REVIEW: “Fantastic Beasts: The Crimes of Grindelwald”


Photo: Warner Bros. Pictures

Jonathan Montague, Staff Writer

Many wept when the Harry Potter series finally concluded in 2011 but, since Hollywood can never let some franchises die, the Wizarding World has been kept alive by the Fantastic Beasts franchise. Starting in 2016, these films chronicle the efforts to defeat Voldemort’s predecessor, Gellert Grindelwald, told through the eyes of young magical zoologist, Newt Scamander. Now Newt and crew return for the second installment, “Fantastic Beasts: The Crimes of Grindelwald.” Does it raise the stakes?

The film opens as Grindelwald escapes the custody of MACUSA and heads for Paris. Newt tries to stay as far from the conflict as he can, but he ends up being recruited by his famous friend and former teacher, Albus Dumbledore. The hunt is now afoot with everyone working to find what it is Grindelwald is after and stop him from sowing more chaos.

“The Crimes of Grindelwald” is a decent narrative with a lot holding it back. The movie does an excellent job of portraying how fanatical individuals can seduce others into following them freely, how manipulative they can be without ever having to harm you.

Unfortunately, this movie has one massive flaw. None of the characters are truly involved in the action. Grindelwald is the only one who seems to make the plot progress forward, while our protagonists are one step behind the entire time. Furthermore, when certain characters meet their big moment, they are either waved away to keep the pace up or left out entirely.

The characters seem to be going through some big changes but not enough time is devoted for them to have an impact. One subplot does not even resolve in any way.
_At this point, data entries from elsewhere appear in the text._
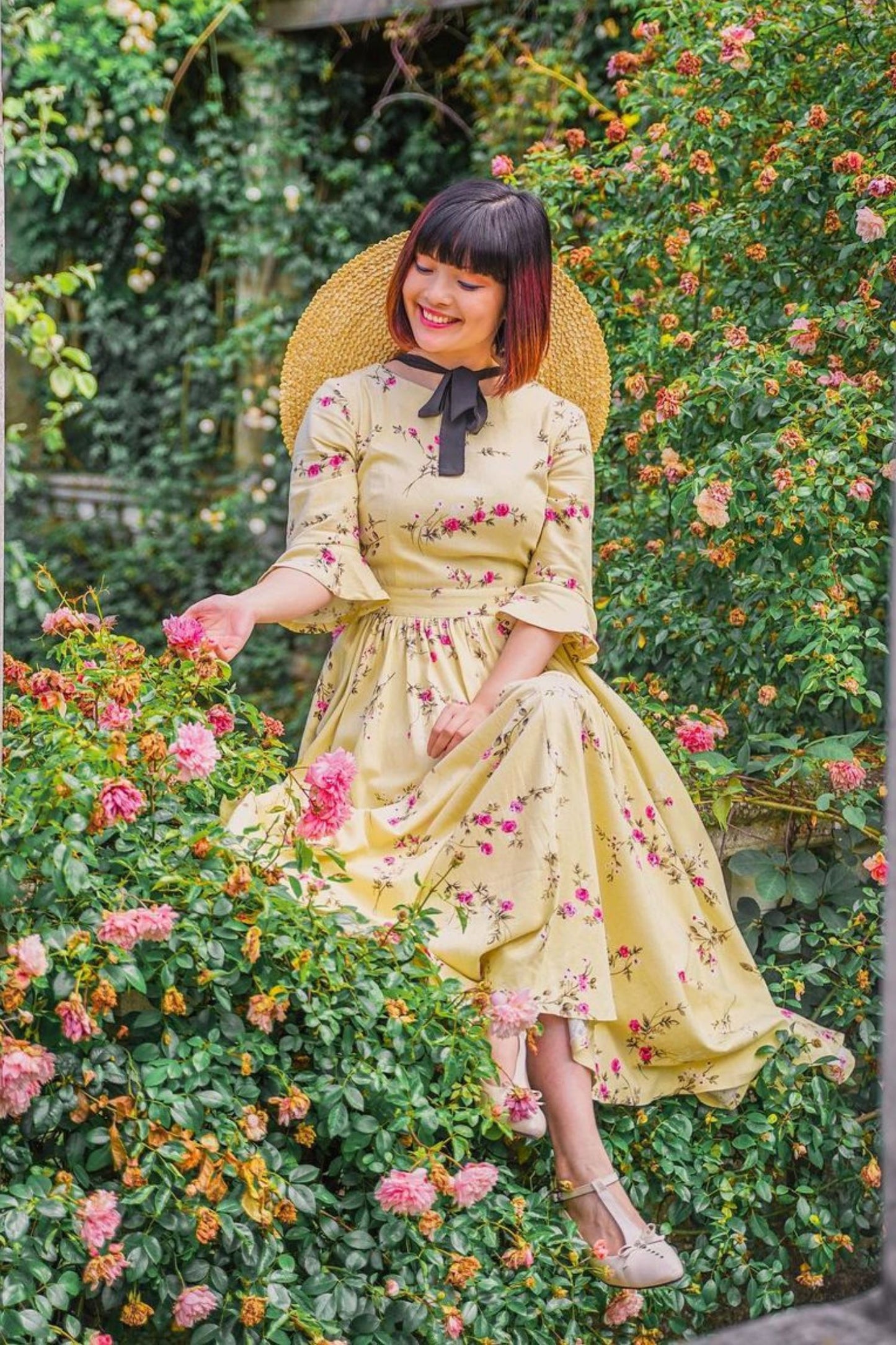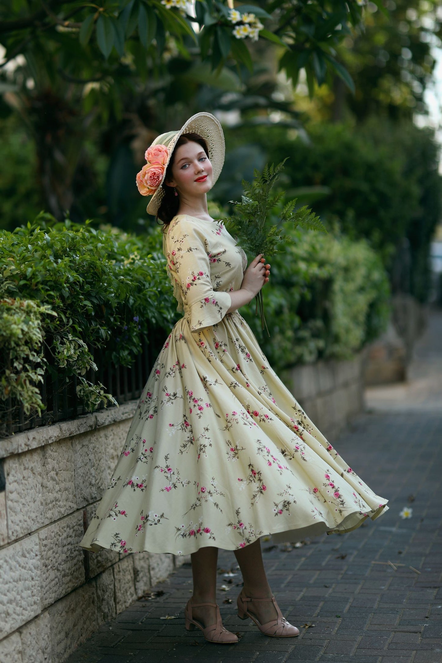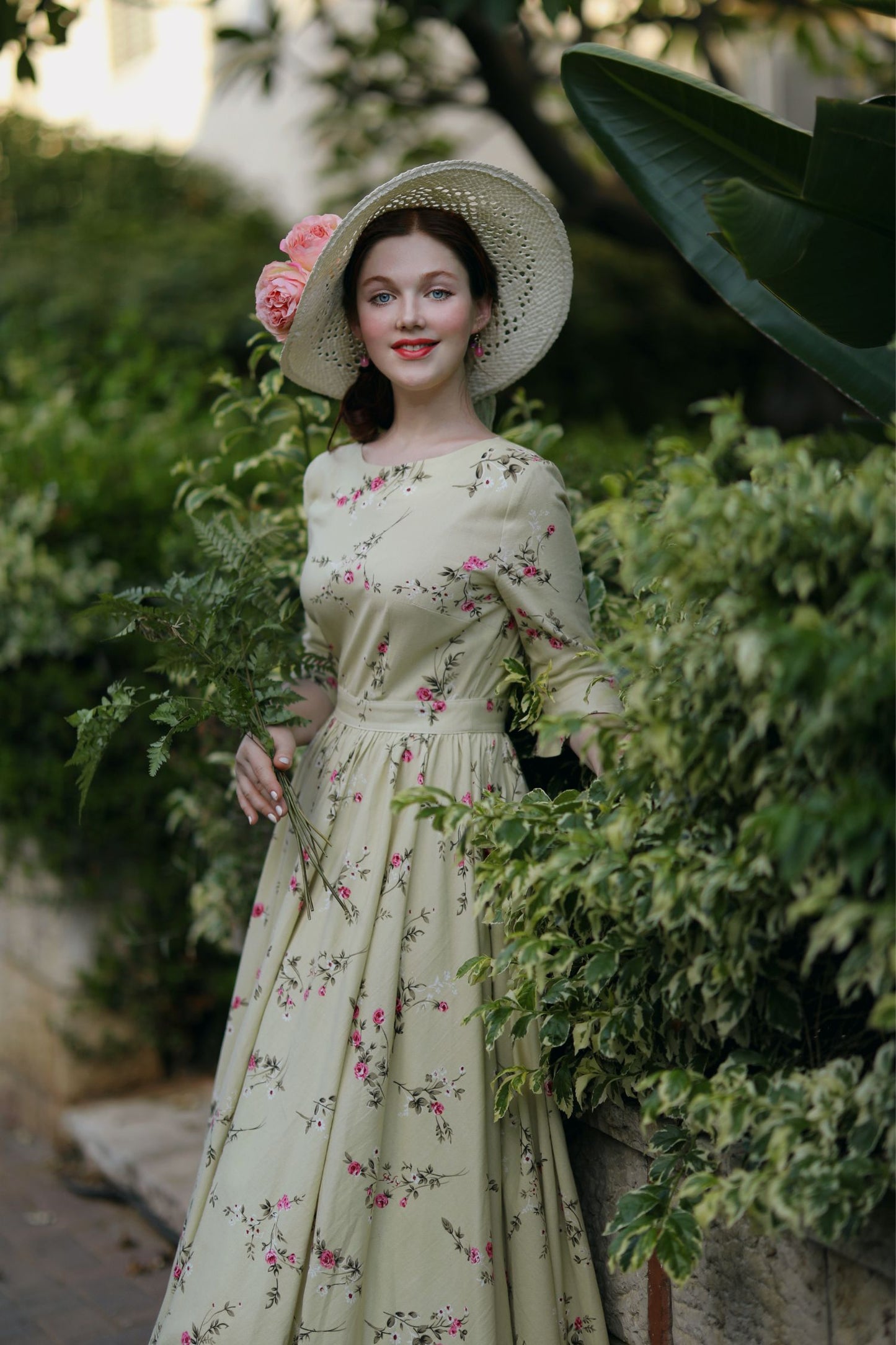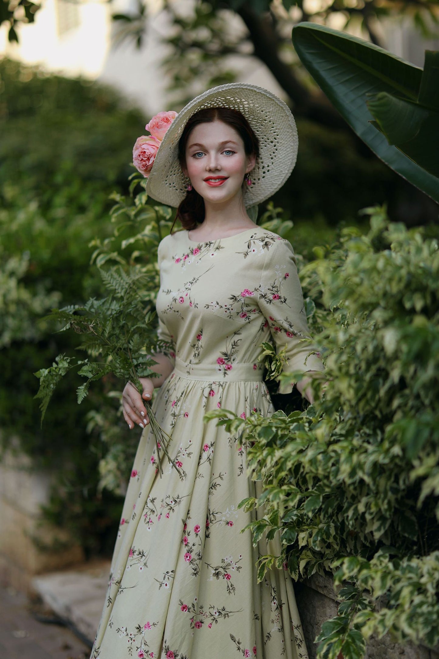 Spring has sprung in this long linen dress from Xiaolizi. The garden party dress built from a floral fabrication with a defined waist. The green bridesmaid dress topped with a round neckline + ruffled elbow length sleeves. The pleated dress finished with a high-rise long skirt.
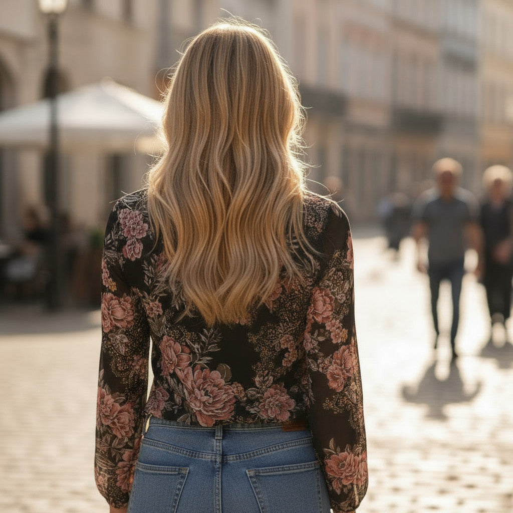 Ce chemisier fleuri est l’allié parfait pour celles qui recherchent une pièce à la fois élégante et décontractée. Son imprimé floral délicat insuffle une touche de fraîcheur et de romantisme à votre tenue. Le design portefeuille, doté d’un col en V flatteur, sublime votre silhouette tout en mettant en valeur le port de tête. Les manches ballon apportent une note tendance et moderne, soulignant une silhouette chic et actuelle. Sa coupe ample assure un confort optimal, idéal pour un porté quotidien sans compromis sur le style.
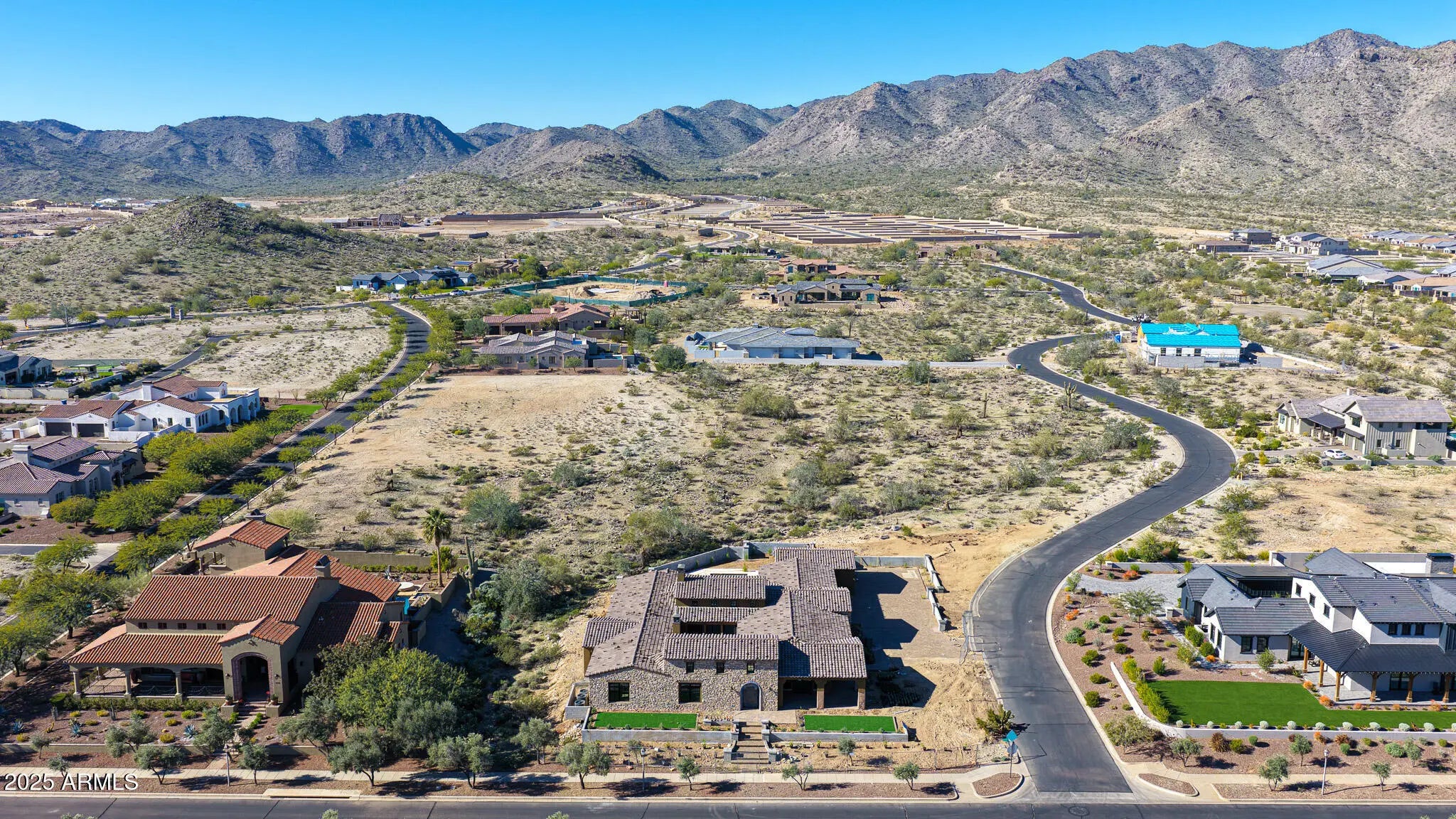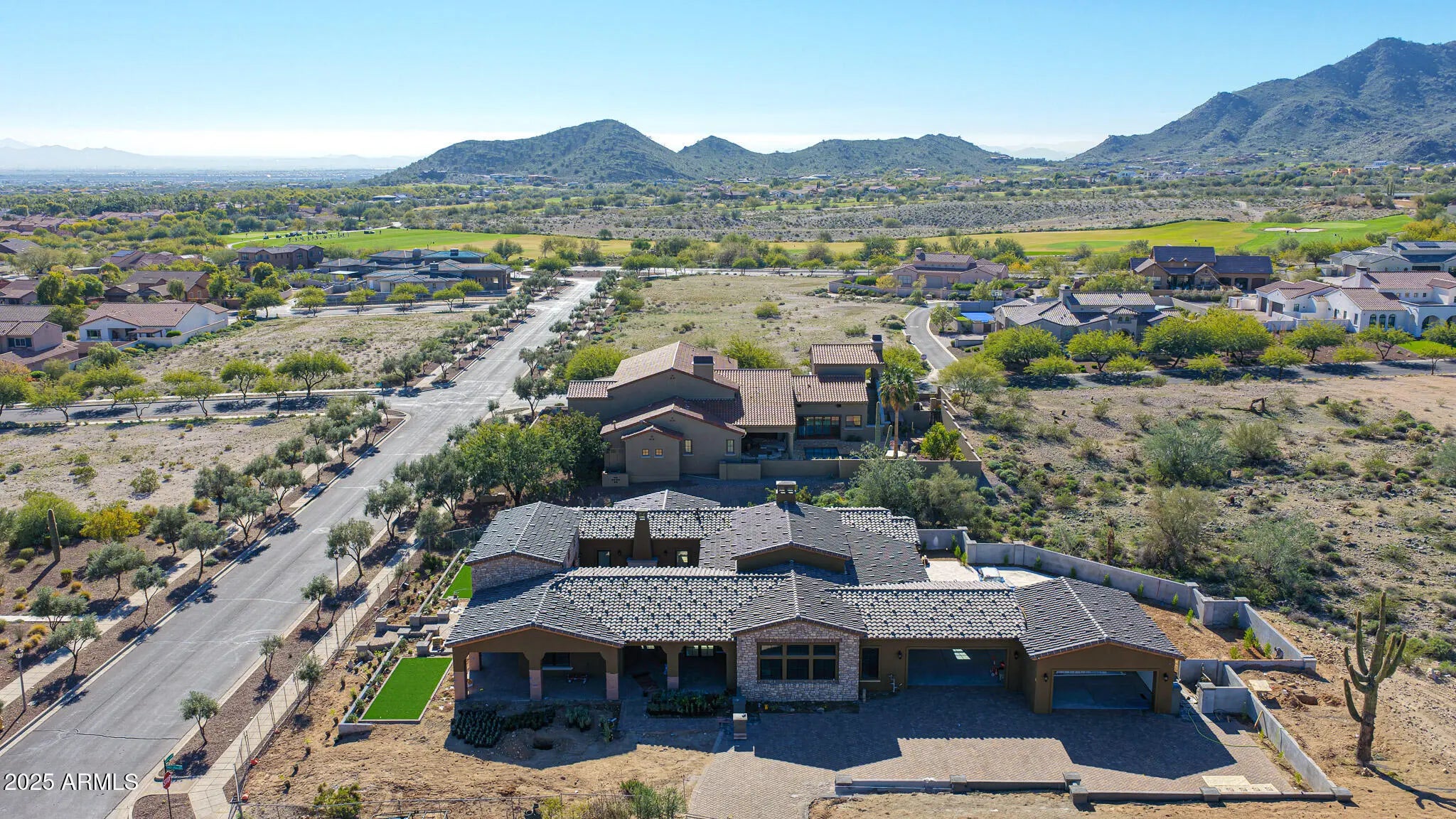 Located within the coveted custom enclave of Regent Hills in Verrado, this stunning custom estate is situated on a sprawling ¾+ acre homesite (0.82 acres) and exemplifies exceptional craftsmanship thoughtful design. Inspired by Rural Mediterranean architecture, this single-level residence offers 4 bedrooms and 4.5 baths, seamlessly blending luxury, comfort, and sophistication. At the heart of the home is a beautifully designed interior courtyard, finished with travertine pavers and featuring one of two fireplaces. The residence wraps gracefully around this courtyard, creating a seamless connection between indoor and outdoor living spaces; ideal for both everyday enjoyment and entertaining. European white oak flooring flows throughout the home, including the chef's kitchen, which is appointed with custom white oak cabinetry, striking quartz countertops, and elevated professional-grade appliances; truly a culinary showpiece. Additional interior highlights include a private casita featuring a bedroom, full bath, walk-in closet, and its own living area, all with direct access to the courtyard. The oversized four-car garage provides ample space for vehicles, recreational toys, and a golf cart. Outdoors, the backyard showcases breathtaking mountain views, a sparkling swimming pool, built-in BBQ, and elegant natural stone pavers; perfect for enjoying Arizona's outdoor lifestyle. No expense has been spared in the construction of this exceptional residence. Scheduled for completion in the first quarter of 2026, this one-of-a-kind custom home presents a rare opportunity. Inquire today to arrange a private sneak peek while the builder puts the final finishing touches on this remarkable Verrado estate. See documents tab for additional description of the features and appointments.
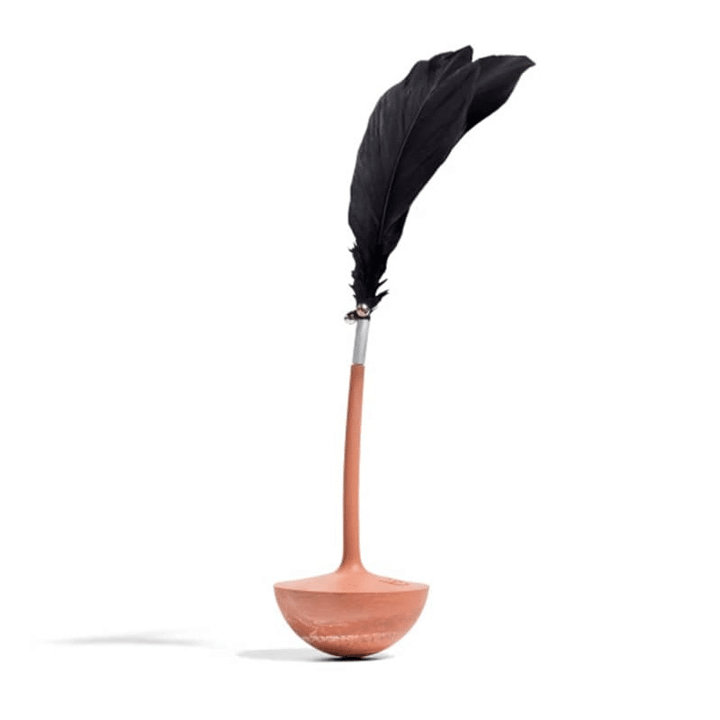 - Hecho de caucho natural y plumas.
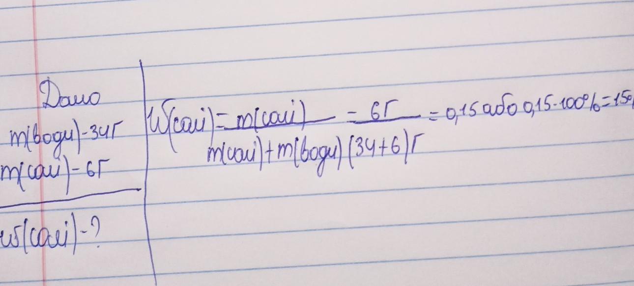Срочно!!! 6 г солі розчинили в 34 г води. Яка масова частка солі в розчині який утворився . Розпишіть все з Дано і тд пж

It really drags the script down into mediocrity.

The actors all do an excellent job with their material, including the newcomers. Some have very little to work with and still manage to give good performances. Special mention goes to Eddie Redmayne, who can do no wrong as Scamander, Dan Fogler and Zoe Kravitz.

One thing that does remain intact is the sense of wonder created by the visuals and music. While slightly more gray in color palette, it still manages to catch the eye with its magnificent designs and effects.

While certainly flawed, I still had a lot of fun with “Fantastic Beasts: The Crimes of Grindelwald.” The movie does a great job of raising the stakes and truly shows Grindelwald as the malicious threat he represents to the Wizarding World. If you want to see it, Potterhead or not, I would recommend a matinee.